3. Hume et Kant : Hume a exercé une
influence décisive sur la philosophie de Kant. S’il existe des
limites à l’esprit humain alors la métaphysique est une illusion. Ainsi lorsque
Kant fait la critique de la métaphysique, c’est pour la rattacher à la raison
pratique et non plus théorique. Kant n’est pas empiriste mais il fait dans la
‘Critique de la raison pure’ la part belle à l’expérience.
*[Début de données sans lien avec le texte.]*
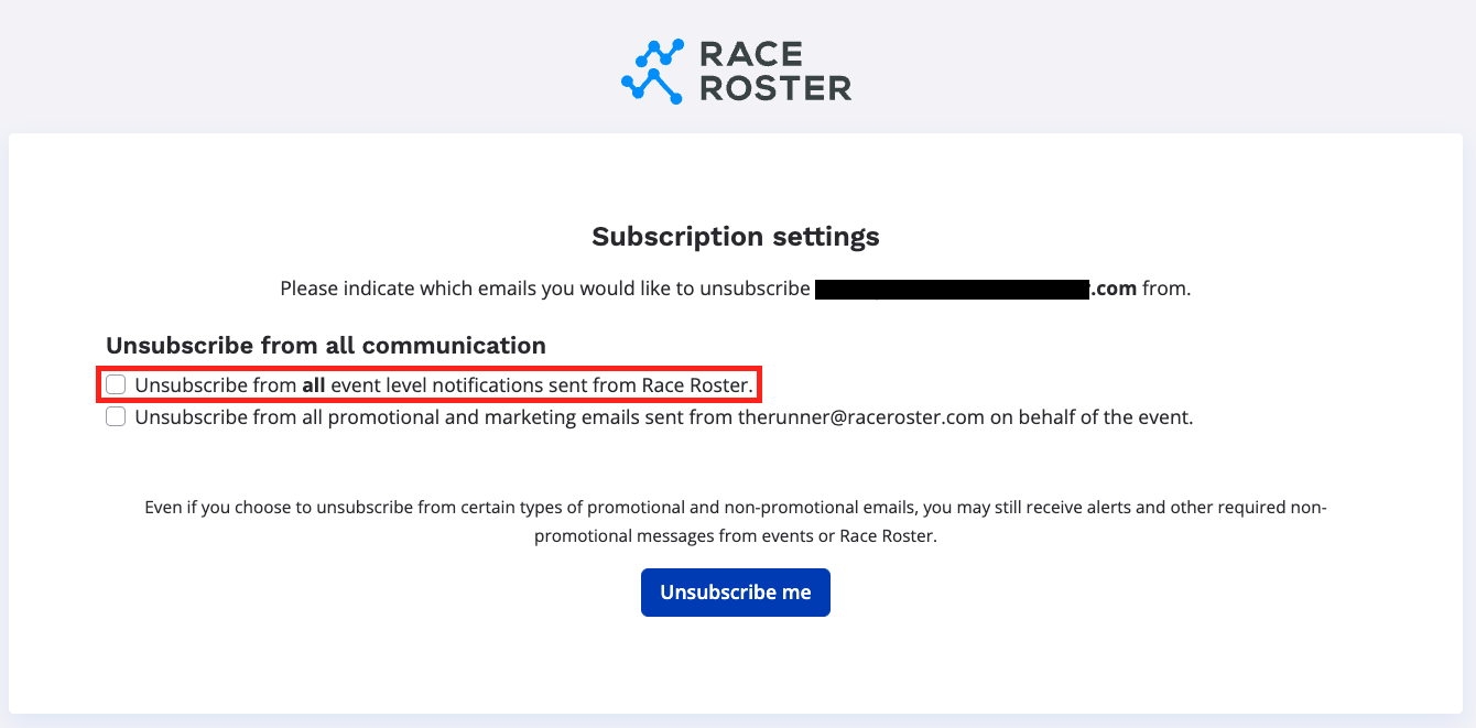 To stop receiving courtesy emails from Race Roster, for all events, click the "Unsubscribe" link at the bottom of the email you receive. Now, from the subscription settings page, select "Unsubscribe from all event level notifications sent from Race Roster." Finally, click the blue "Unsubscribe me" button. See screenshot below.
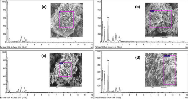 圖2:a活性炭、b堿處理的活性炭、c吸附后的活性炭和d吸附后的堿處理活性炭SEM-EDX示意圖。
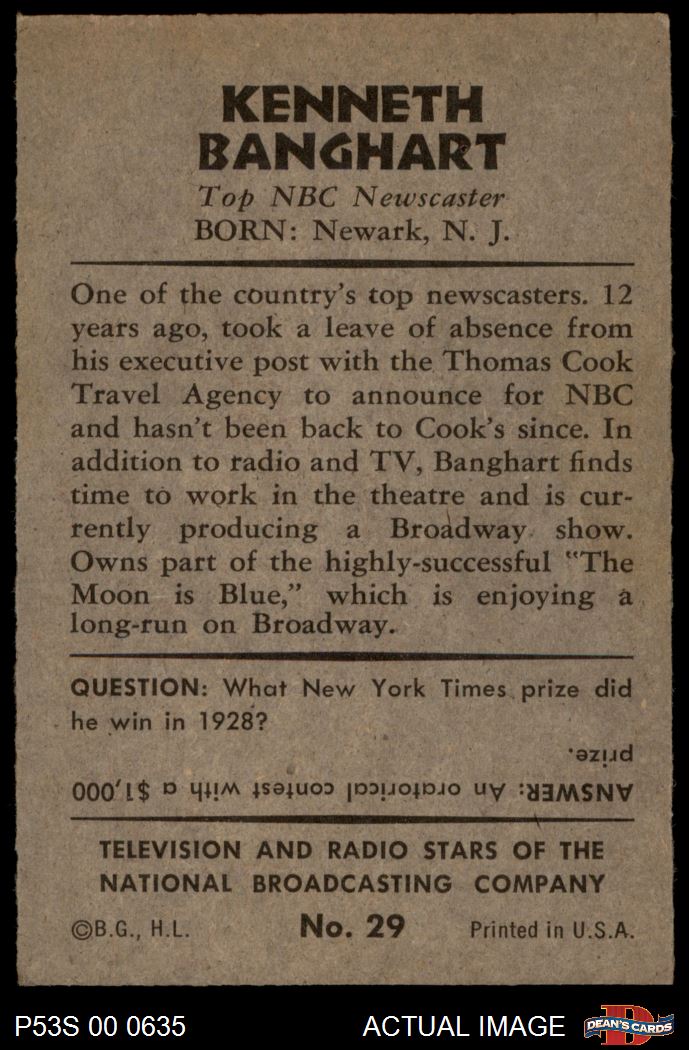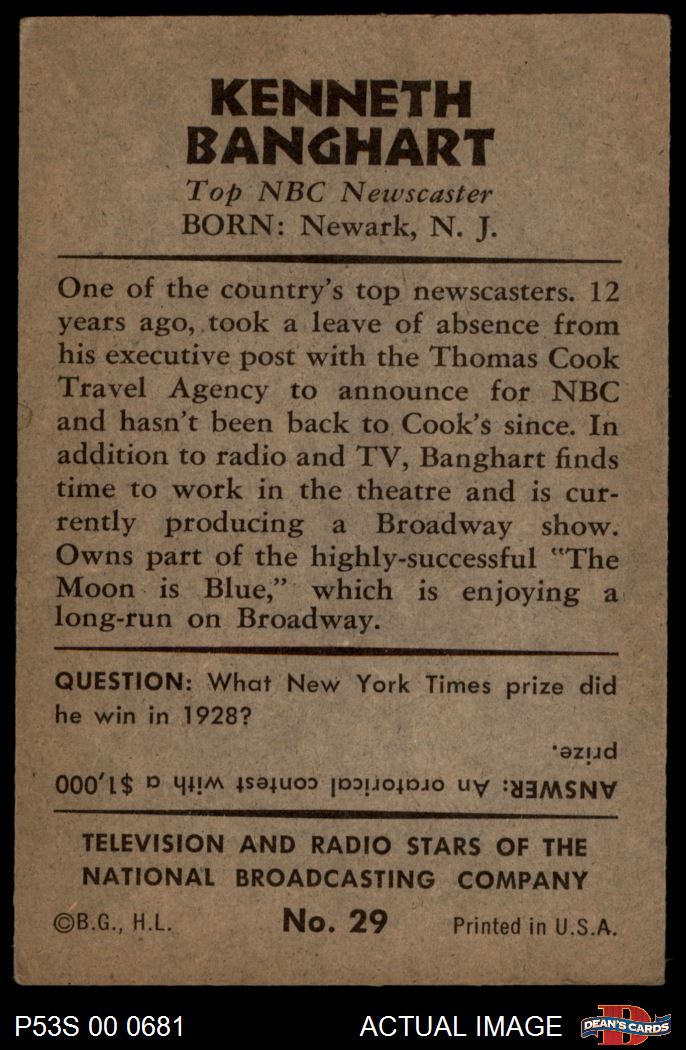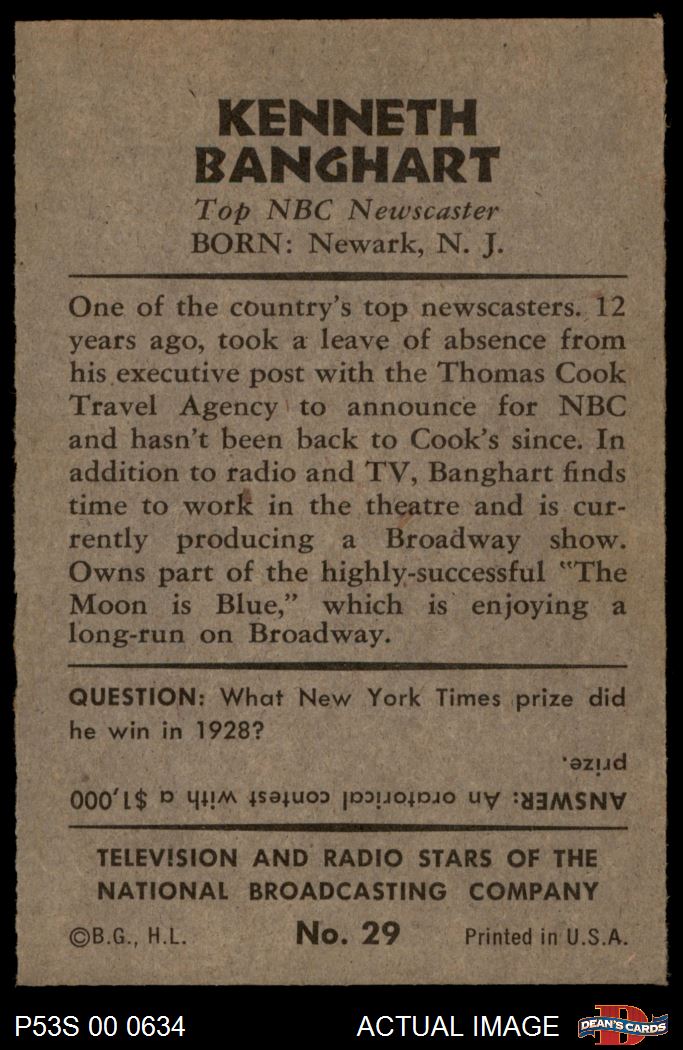 1953 Bowman T.V. & Radio NBC #29 Kenneth Banghart
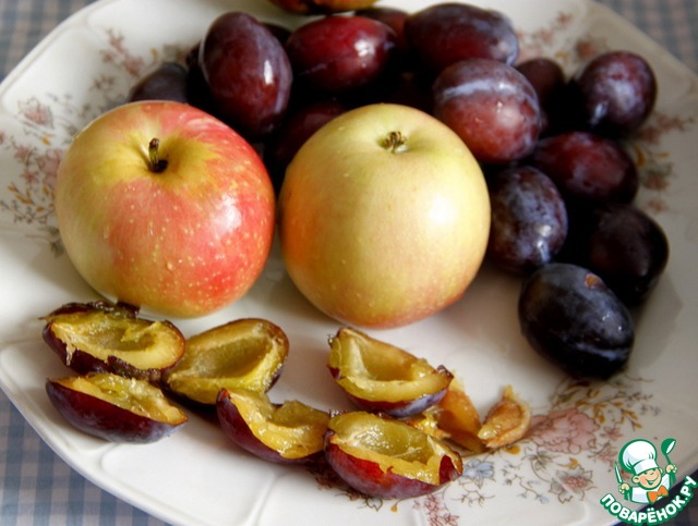 Сливу и яблоки помыть, обсушить от влаги. Сливу (лучше сорт - чернослив) разрезать пополам, удалив косточку.

4. La notion de nature humaine : Hume
intitule le livre qui contient ses idées maîtresses ‘Traité de la nature
humaine’. Dans quel sens utilise-t-il l’expression « nature
humaine » ? Non pas dans celui d’une essence déterminable a priori,
mais de dispositions intellectuelles et affectives qui nouent des relations
avec le réel et qui n’existent réellement et affectivement qu’après
l’expérience. Tout se fonde avec l’expérience. Une telle visée et d’un grand
intérêt sur le plan psychologique en ce qu’elle prétend exclure tout présupposé
pour se maintenir au niveau de l’expérience authentique.